• Description of the task:
Each line of the data below that includes the string "deze" must be copied.
*** Raw data ***
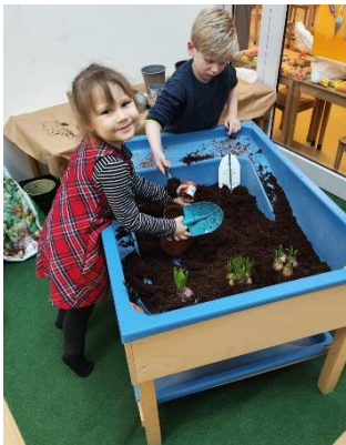
werken in de tuin

In de onderbouw zijn we deze week begonnen met ons nieuwe thema "wij werken in het tuincentrum". De kinderen zijn erg enthousiast over het thema en hebben al heel hard gewerkt. Hieronder dit keer een sfeerimpresie.
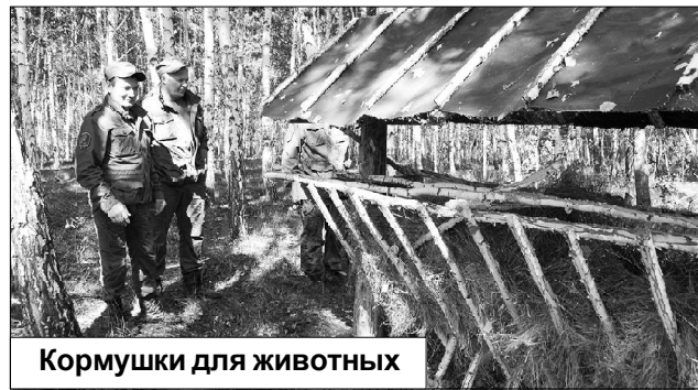
Кормушки для животных
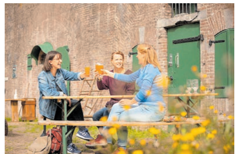
Nazomeren op een terras bij een fort.

Let op: vanwege corona moet je in de meeste gevallen vooraf reserveren. Plan je bezoek dus op tijd.
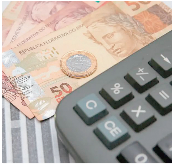
Neste lote, não haverá o pagamento a contribuintes sem prioridade

Receita Federal para tablets e smartphones. O recorde anterior tinha sido registrado no primeiro lote de 2025, que contemplou créditos de R$ 11 bilhões para 6,2 milhões
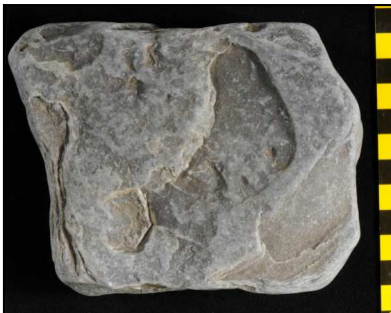
Abb. 15: Fund 2 von D. Schmälze, Unterseite, Sammlung Schmälze, Mön, Dänemark.

Wie wichtig solche Vorträge sind, zeigt die Antwort von Herrn Dr. Hoffmann vom 4.2.2009: „Anbei schicke ich Ihnen drei Bilder meines Fundes vom Hochufer am letzten Wochenende in Boltenhagen. Ohne Ihren Vortrag hätte ich mir die abgerollten Spuren des Eophyton-Sandsteines wahrscheinlich nicht so genau angeschaut. Ich werde diesem Gestein jetzt mit besonderem Interesse nachstellen!“ (Abb. 6-8)
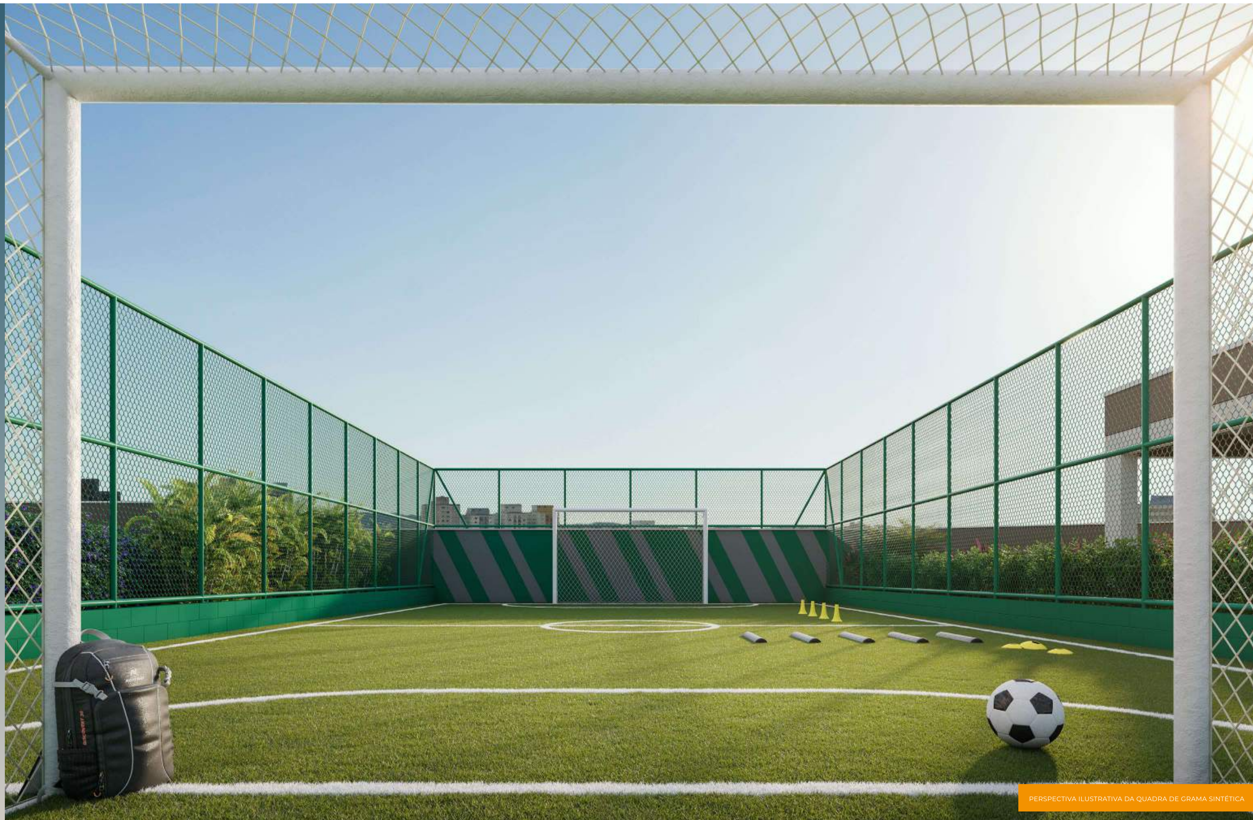
PERSPECTIVA ILUSTRATIVA DA QUADRA DE GRAMA SINTÉTICA
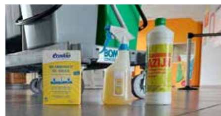
Les produits utilisés.

d'éliminer les produits chimiques allergènes et parfois irritants présents dans les produits ménagers traditionnels.
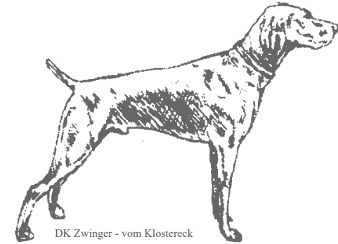
DK Zwinger - vom Klostereck
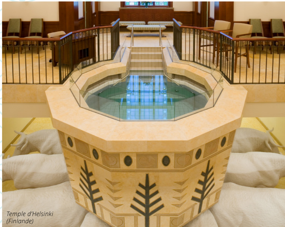
Temple d'Helsinki (Finlande)

À l'intérieur du temple, nous en apprenons davantage sur le plan du salut et nous faisons des alliances avec notre Père céleste. Il y a de nombreuses salles magnifiques où nous pouvons ressentir la paix du Saint-Esprit.
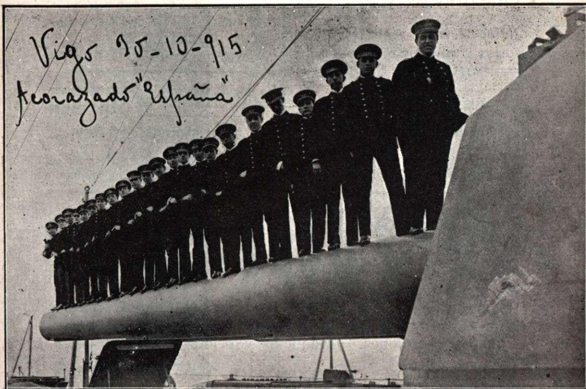
Guardias Marinas subidos en un cañón de 305 milímetros de la torre de proa del acorazado España , en donde han realizado el viaje de prácticas.

Redacción y Administración. Fernán Caballero, 16, 1.º
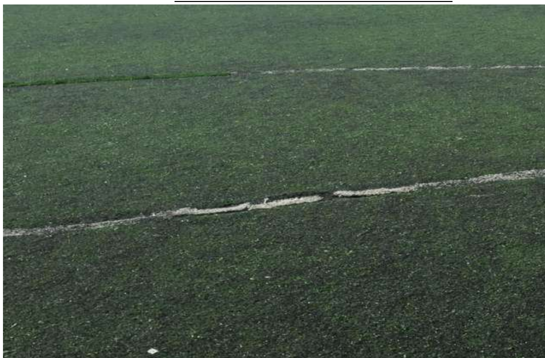
ΕΙΚΟΝΑ 3. ΥΦΙΣΤΑΜΕΝΟΣ ΧΛΟΟΤΑΠΗΤΑΣ “ΧΑΡΑΥΓΗ”

Το ίδιο ισχύει και για τις διαγραμμίσεις.
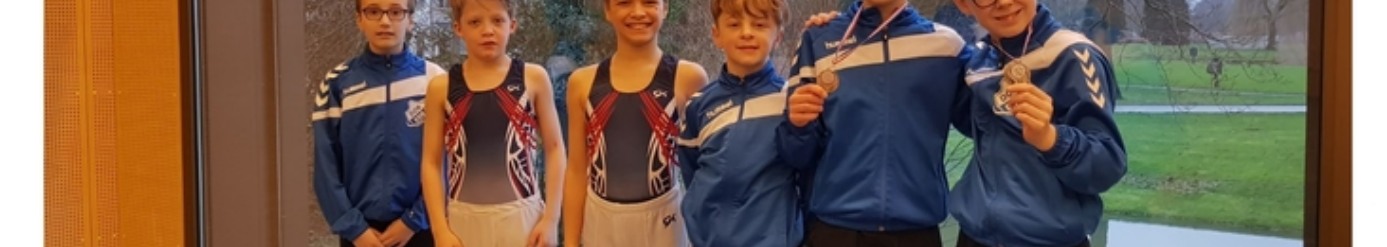
meer foto's van deze wedstrijd staan op onze facebookpagina https://www.facebook.com/DOK1922
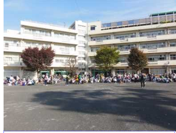
絶好の遠足日和。秋の澄み渡った青空でした。
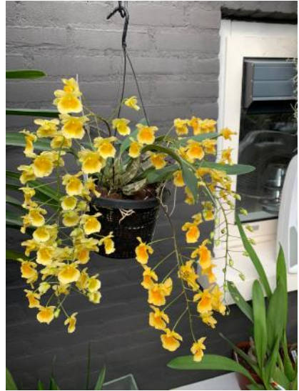
Dendrobium lindleyi (Mike Heesakkers)
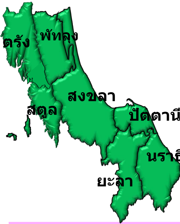
ครอบคลุมตรวจพัฒนาการ
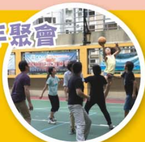
46屆校友在學 校籃球場打球

時光飛逝，由中五畢業至今已經20年了。大家離開母校很長時間。去年校慶聚餐時，我們幾位同學萌起了聚會的念頭。有很多同學已經失去聯絡，幸好在校友會的幫助下，我們找到了部份同學。學校借出場地給我們使用。
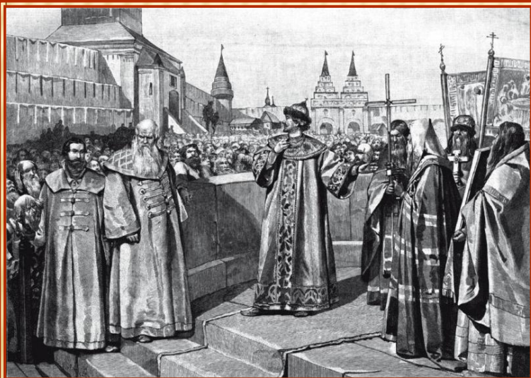
Царь Иоанн IV открывает первый Земский собор своею покаянною речью

Особое место среди органов государственной власти занимают Земские соборы , просуществовавшие 150 лет, являвшиеся сословно-представительным органом, сформировавшимся по принципу участия, по должности и общественно-политическому положению, а также по принципу выборного территориального и сословного делегирования
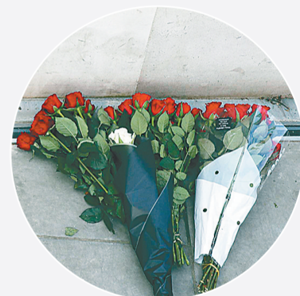
3月23日,在英国伦敦,鲜花摆放在警察局外,悼念恐袭遇难者。
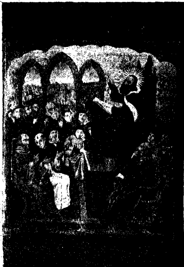
Quadret lateral del retaule que va a l. plana
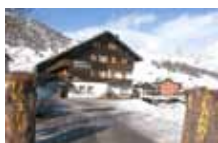
HOTEL ★★★ Alaska LIVIGNO Via Pontiglia, 173 Tel. (+39) 0342 970 796
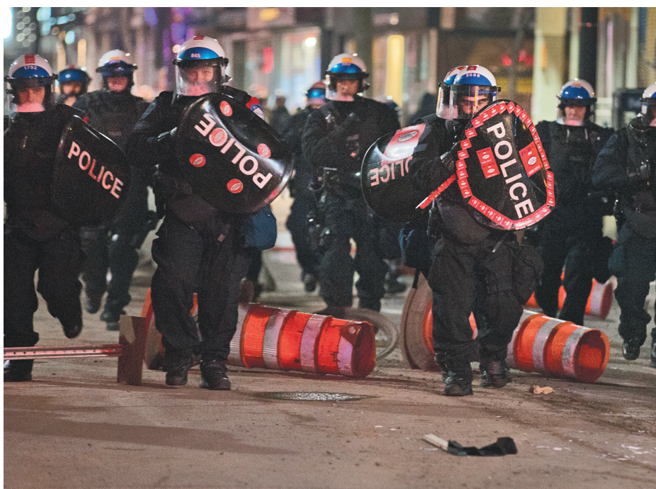
En soirée, une autre manifestation contre l'austérité a donné lieu à des arrestations. Des gaz lacrymogènes ont aussi été utilisés.
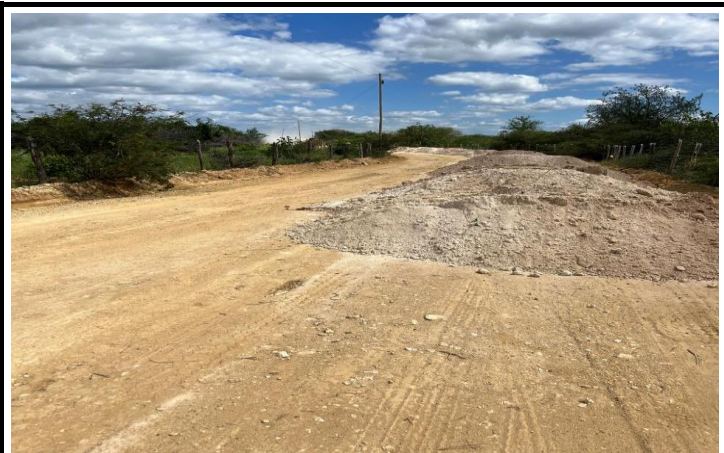
FOTO 09 - EXECUÇÃO DE SERVIÇOS DE ADEQUAÇÃO DE ESTRADAS VICINAIS NO MUNICÍPIO DE ITAGUAÇU/BA
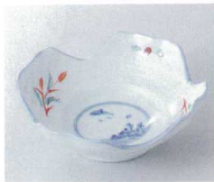
26506-086 1,200円 260826506 赤絵京山水四ツ山鉢 (119×119×45mm)
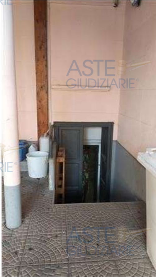
ingresso del seminterrato uso deposito/laboratorio
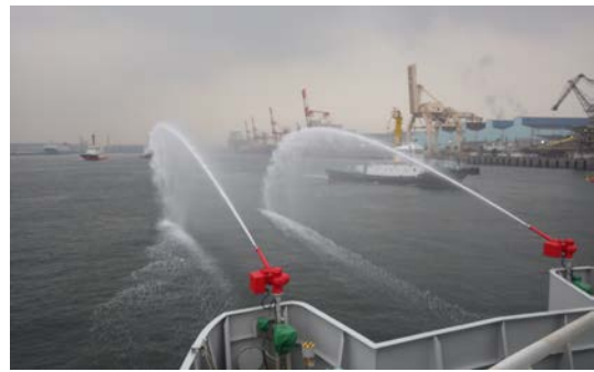
流出油防除訓練の様子(白龍からの放水による流出油拡散作業)
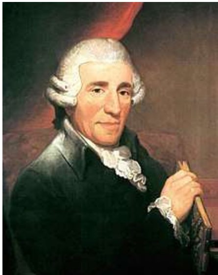
Figure 4 - Joseph HAYDN était très influent à PARIS. Il écrivit en 1785 et 1786 ses six symphonies n° 82 à 87 pour le comte d'Ogny et le « Concert de la Loge olympique ». Il est très instructif de comparer ses trios à ceux de Johann SCHOBERT.
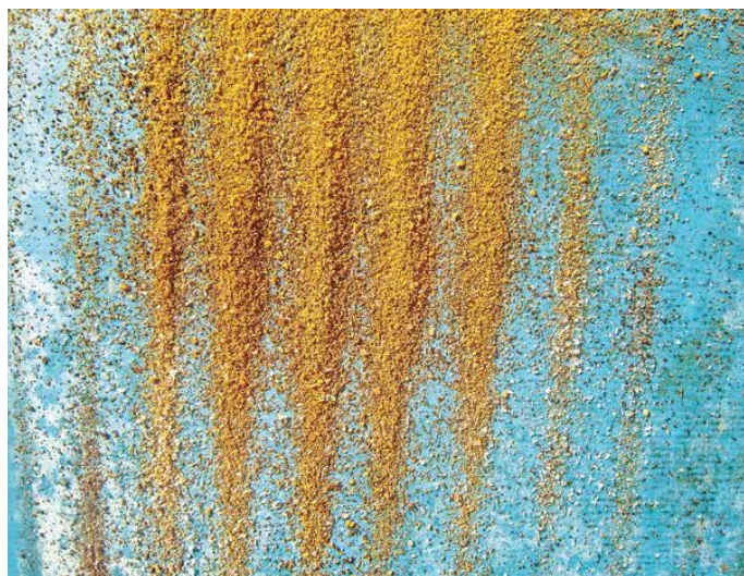
Za osnovno diagnostiko zadostuje pogled na testni vložek z zimskim drobirjem.

Zadeva je še kompleksnejša, ampak gremo po vrsti. Menim, da idealnega panjskega sistema ni, in tudi nimam želje po prepiranju glede tega, vsak ima svoje prednosti in slabosti, smiselna je optimizacija dela. Hitro sem ugotovil, da je ekonomska dodana vrednost pri medu zelo nizka (več o tem kdaj pozneje), in sklenil, da me v količinskem smislu to ne zanima in se tudi ne
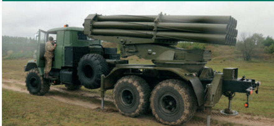
Реактивна система залпового вогню КраЗ-6322 «Ураган»
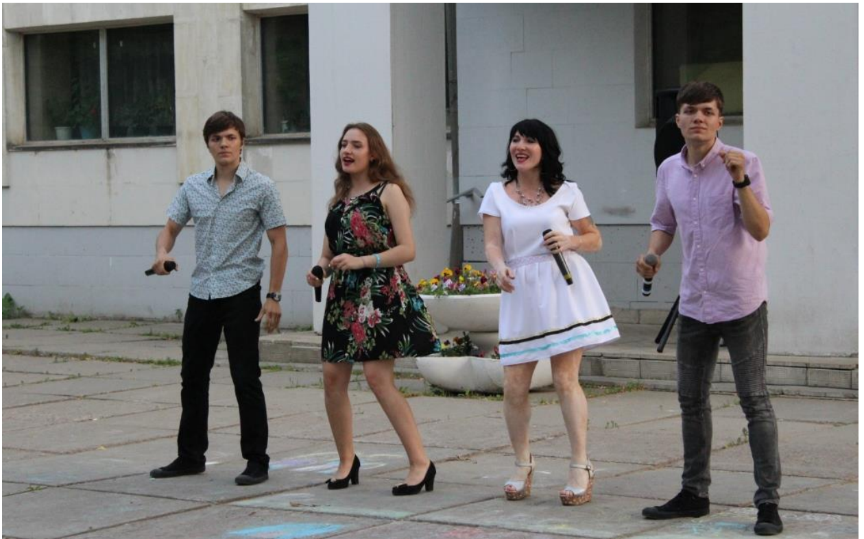
День молодёжи 29 июня 2018 года
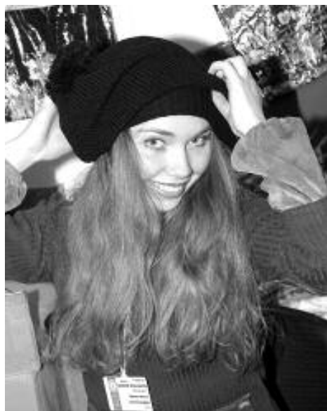
Модный головной убор соединяет в себе небрежность образа и качественный материал: мех, шерсть, фетр.

Чтобы вы ни надели, главным секретом вашей привлекательности останется хорошее расположение духа. Вспомните свои детские ощущения от посещения кондитерской. Пусть это настроение не покидает вас при любых обстоя-
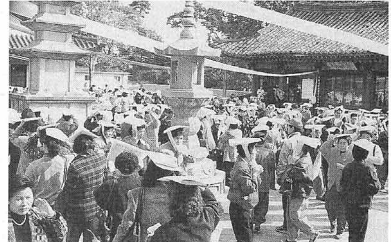
보우대사 문화재 봉행 서울 강남구 봉은사 남문에서 열린 대웅전에서 8쌍의 부부가 무로합동결혼식을 올리고 11월11일 1천여 불자가 참석한 가운데 정대불사를 봉행했다. 이번 문화재기에는 10월31일 대웅전에서 8쌍의 부부가 무로합동결혼식을 올리고 11월11일 1천여 불자가 참석한 가운데 정대불사를 봉행했다. 또한 봉은사는 경내에서 소년소녀가장들이 우리농산물 일일장터를 열었다.

항이다'고 답변 반면에 20.2%만이 '종단개혁을 위한 구중의 선택이었다'고 응답해 대부분의 응답자가 구중법회의 취지에는 동의하지만 과정에 있어서는 의견이 엇갈리고 있다. 총무원의 바람직한 대정부관계의 질문 사항에 58.7%가 '정부로부터 지주성이 이루어지지 않고 있다'고 응답, 종단과 정부간의 관계를 어떻게 설정할 것인가하는 문제가 현 집행부의 주요한 과제로 제기되고 있다. 또 민주성 여부를 묻는 질문에는 '아직도 비민주적이므로 소가 산재해 있다' 41.6% 등 부정적인 견해를 보이고 있는 것으로 나타났다.
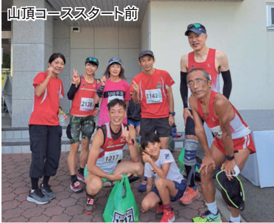
山頂コーススタート前

も残念ながら関門アウトだった方、残り数分の中でのフィニッシュなどお疲れさまでした。同日開催の「五合目コース」、それから、9月15日に行われた「第1回富士山ク
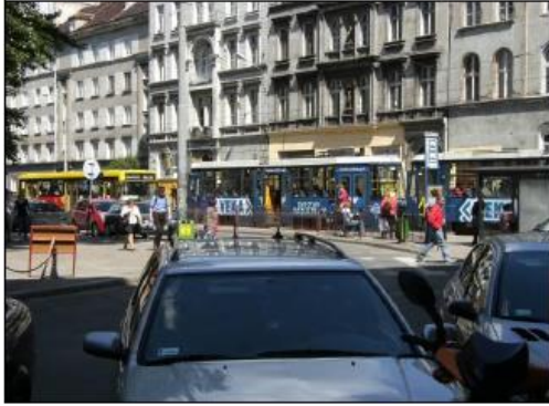
Fot. 5. Otoczenie nieruchomości.
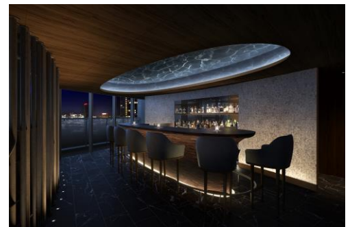
▲「スカイラウンジ」完成予想 CG

さらには、街との調和を目指し、豊かな緑と共に水や風・人の流れをデザイン。周辺地域への豊かな自然環境の提供を目指し、生物多様性保全に配慮した ABINC 認証（※2）、緑の保全・創出への取り組みを評価する SEGES 認定（※3）をとともに取得。加えて、快適性と省エネを両立する ZEH-M Oriented 基準を満たし、地球環境に配慮する認定低炭素住宅の認証を取得するなど、未来を見据えた住まいの環境性能を整えます。
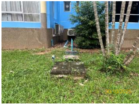
ภาพที่ 2.2-4 บ่อเกรอะ-บ่อซึม และถังกรองไร้อากาศ ที่อาคารปฏิบัติงาน
*** End of Raw data ***
• Solution for this exercise:
In de onderbouw zijn we deze week begonnen met ons nieuwe thema "wij werken in het tuincentrum". De kinderen zijn erg enthousiast over het thema en hebben al heel hard gewerkt. Hieronder dit keer een sfeerimpresie.
meer foto's van deze wedstrijd staan op onze facebookpagina https://www.facebook.com/DOK1922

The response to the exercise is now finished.